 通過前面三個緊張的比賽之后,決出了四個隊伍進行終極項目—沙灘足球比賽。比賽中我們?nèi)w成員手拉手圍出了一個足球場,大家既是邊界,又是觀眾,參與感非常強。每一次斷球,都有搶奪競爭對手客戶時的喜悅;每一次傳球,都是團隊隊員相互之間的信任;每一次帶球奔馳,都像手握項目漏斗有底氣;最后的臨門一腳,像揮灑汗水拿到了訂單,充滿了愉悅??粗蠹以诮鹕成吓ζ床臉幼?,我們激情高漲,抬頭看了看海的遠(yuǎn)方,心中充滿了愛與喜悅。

* * *

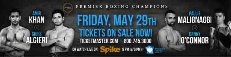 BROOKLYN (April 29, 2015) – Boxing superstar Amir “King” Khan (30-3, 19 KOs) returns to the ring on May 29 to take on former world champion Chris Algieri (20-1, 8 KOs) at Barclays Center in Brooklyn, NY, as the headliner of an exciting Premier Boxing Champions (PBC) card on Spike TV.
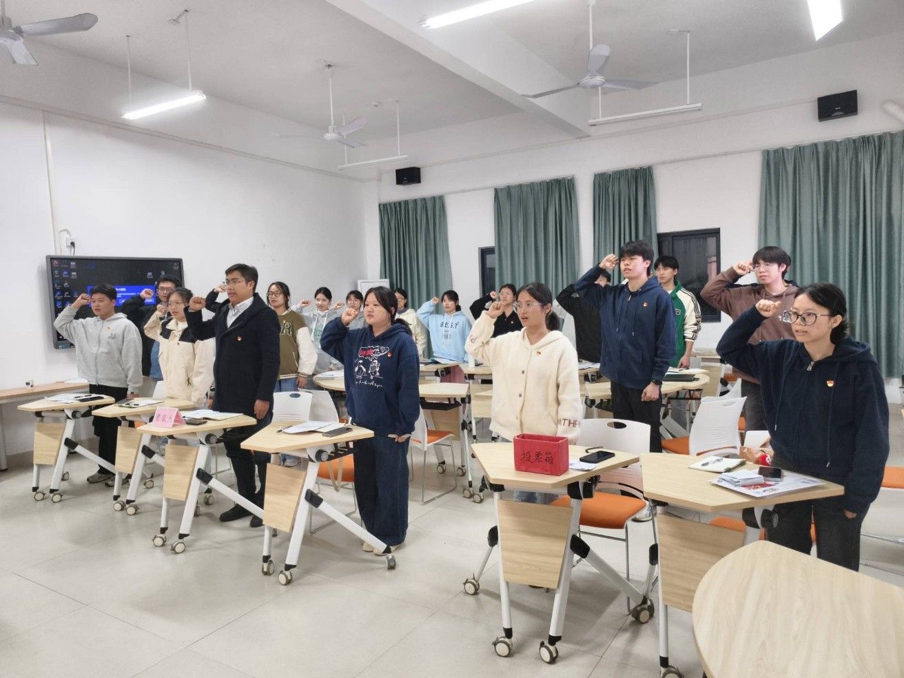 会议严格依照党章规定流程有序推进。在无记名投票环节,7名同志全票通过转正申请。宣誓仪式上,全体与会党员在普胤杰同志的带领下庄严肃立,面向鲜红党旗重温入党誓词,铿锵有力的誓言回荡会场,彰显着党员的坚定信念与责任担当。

## WHAT IS EXPECTED
In the entries above, every line from the line with "BROOKLYN (April 29, 2015)" to the line with "会议严格依照党章规定流程有序" is to be printed exactly, with both ends included and pictures excluded.

## EXPECTED OUTPUT
 BROOKLYN (April 29, 2015) – Boxing superstar Amir “King” Khan (30-3, 19 KOs) returns to the ring on May 29 to take on former world champion Chris Algieri (20-1, 8 KOs) at Barclays Center in Brooklyn, NY, as the headliner of an exciting Premier Boxing Champions (PBC) card on Spike TV.
 会议严格依照党章规定流程有序推进。在无记名投票环节,7名同志全票通过转正申请。宣誓仪式上,全体与会党员在普胤杰同志的带领下庄严肃立,面向鲜红党旗重温入党誓词,铿锵有力的誓言回荡会场,彰显着党员的坚定信念与责任担当。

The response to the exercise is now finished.